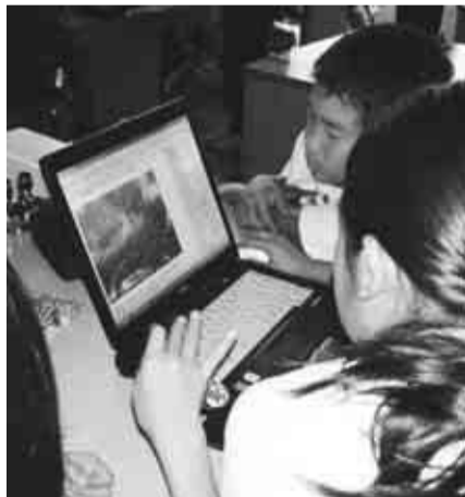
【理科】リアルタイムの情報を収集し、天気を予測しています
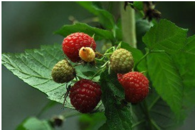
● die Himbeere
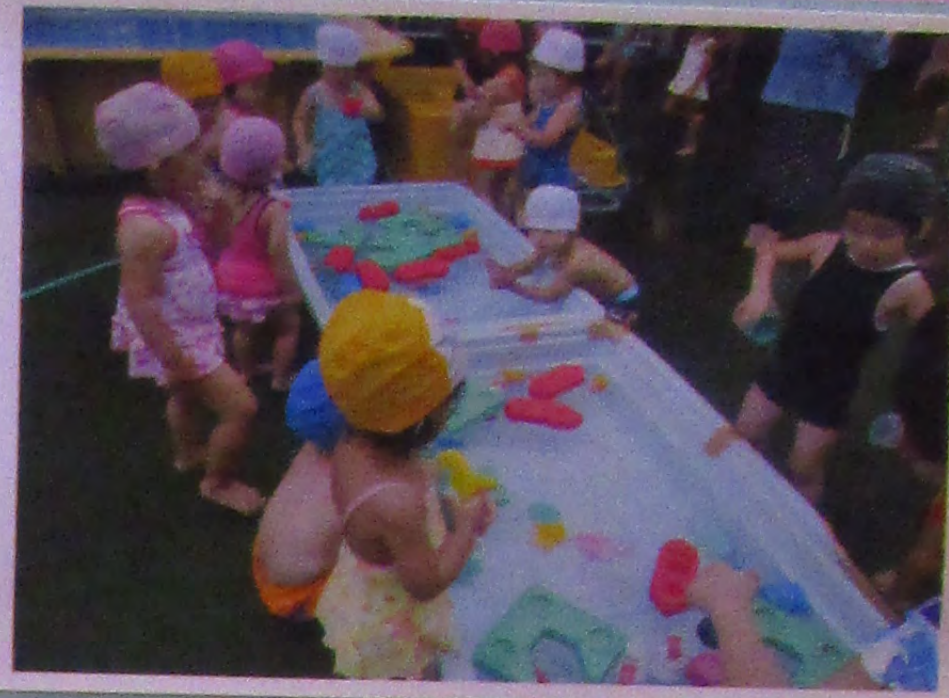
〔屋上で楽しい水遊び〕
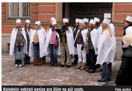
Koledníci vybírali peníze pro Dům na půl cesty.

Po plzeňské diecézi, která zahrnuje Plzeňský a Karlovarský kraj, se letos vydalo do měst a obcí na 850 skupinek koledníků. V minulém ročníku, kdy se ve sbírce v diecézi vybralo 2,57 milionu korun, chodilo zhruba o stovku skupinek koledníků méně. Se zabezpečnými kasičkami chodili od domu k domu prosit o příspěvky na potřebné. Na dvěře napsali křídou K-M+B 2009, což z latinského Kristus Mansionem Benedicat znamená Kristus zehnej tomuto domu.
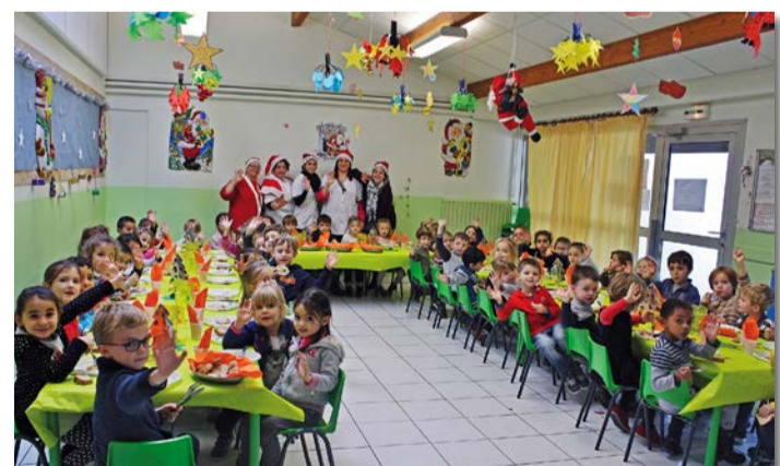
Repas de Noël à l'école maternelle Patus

_What you have to do:_ Pictures do not go in the copy. Write out exactly the lines from the line containing "Koledníci vybírali peníze" through the last line of the listing.

_Task answer:_
Koledníci vybírali peníze pro Dům na půl cesty.

Po plzeňské diecézi, která zahrnuje Plzeňský a Karlovarský kraj, se letos vydalo do měst a obcí na 850 skupinek koledníků. V minulém ročníku, kdy se ve sbírce v diecézi vybralo 2,57 milionu korun, chodilo zhruba o stovku skupinek koledníků méně. Se zabezpečnými kasičkami chodili od domu k domu prosit o příspěvky na potřebné. Na dvěře napsali křídou K-M+B 2009, což z latinského Kristus Mansionem Benedicat znamená Kristus zehnej tomuto domu.
Repas de Noël à l'école maternelle Patus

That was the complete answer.